「山の上ホテル」と「腰巻大賞」
今朝の日経「春秋」に東京・神田駿河台の山の上ホテル(Hilltop Hotel)が下水道料金をごまかしていたことが取り上げられている。池波正太郎、川端康成、三島由紀夫、壇一雄などが常連で、大物文人好みの「格」のあるホテルとして知られる。ところが、館内で使う井戸水の配管に計測メータを迂回する不正をしていた。このニュースは先日、マスコミが大きく取り上げた。同ホテルはクラシックホテルの一つで1936年(昭和11年)に完成した旧館のアール・デコ調の内外装はいまでは珍しい。
かつてこのホテルで毎年「日本腰巻文学大賞」授賞式が行われた。雑誌「面白半分」の企画で、1973年の初受賞は山口瞳著「酒呑みの自己弁護」(新潮社)だった。「腰巻」というのは本のオビで、女子書店員に「腰巻落ちたよ」と言えば今ではセクハラ発言になると書店員が話していた。この授賞式にはほとんど参加した。
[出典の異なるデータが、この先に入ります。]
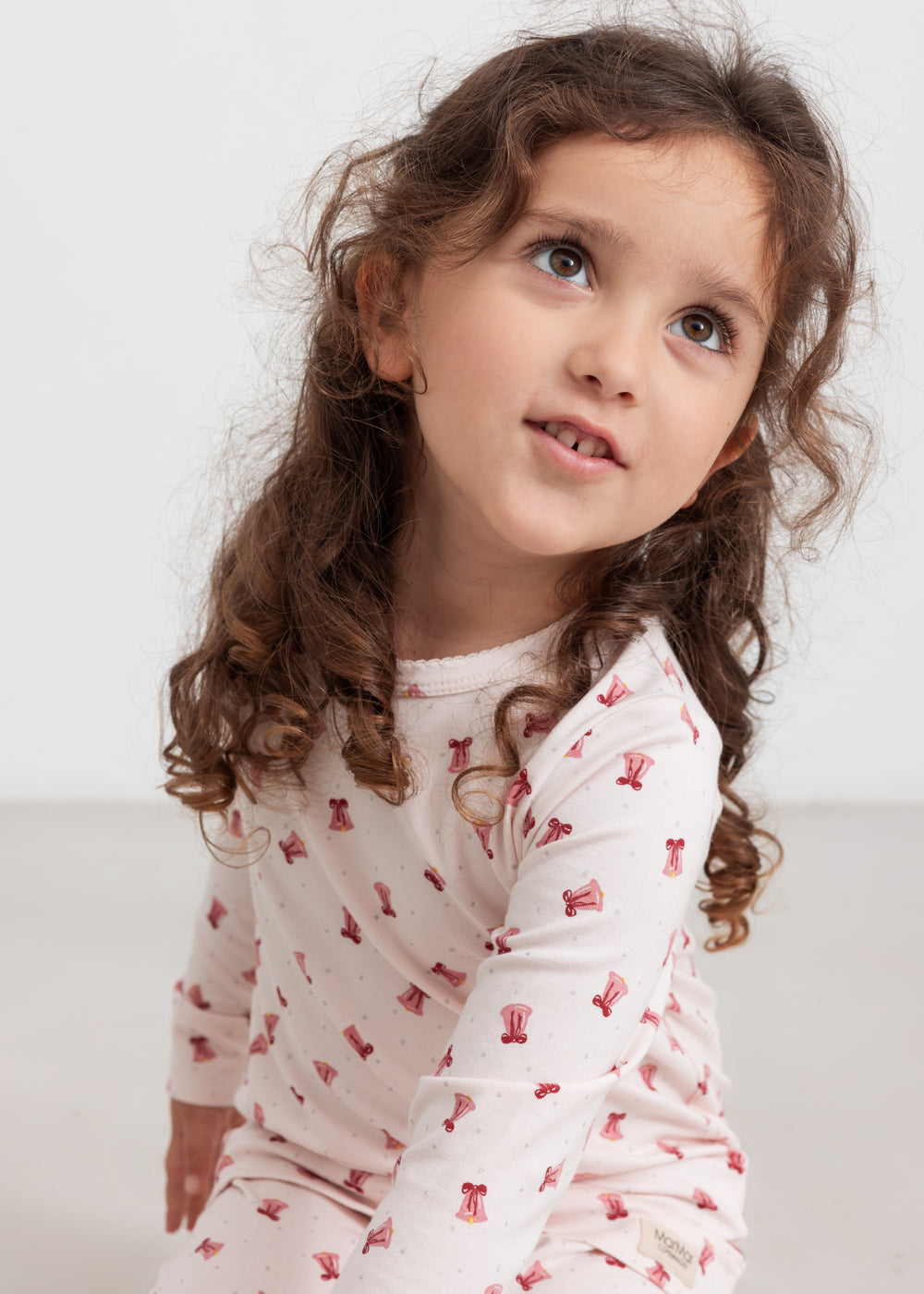 Simple and comfortable sleepwear set for children. The sleepwear has a nice print and picot edges and is both soft, stretchy and comfortable to wear.

小生の「人生師範」でもあるM先生が同社社長の佐藤嘉尚氏から「面白半分」立ち上げでも相談を受けていたので、いつも小生を一緒に連れて行ってくれたのだ。
会場には写真でしか見たことのない大作家や評論家、マスコミ関係者が溢れるように詰めかけ、酒盛りをしていた。挨拶も聞こえるのは最初の一人か二人だけで、あとはワイワイガヤガヤ。酒を飲むスピードがドンドン加速していくを唖然としてみていた。一瞬、場内が静かになった。詩人・金子光晴氏がやってきたのだ。この大御所には一目置かざるを得ないようだ。金子氏は演壇に上がり、十分に間合いを取りながら短い挨拶をした。すごい迫力だった。これが終わった瞬間から無礼講だった。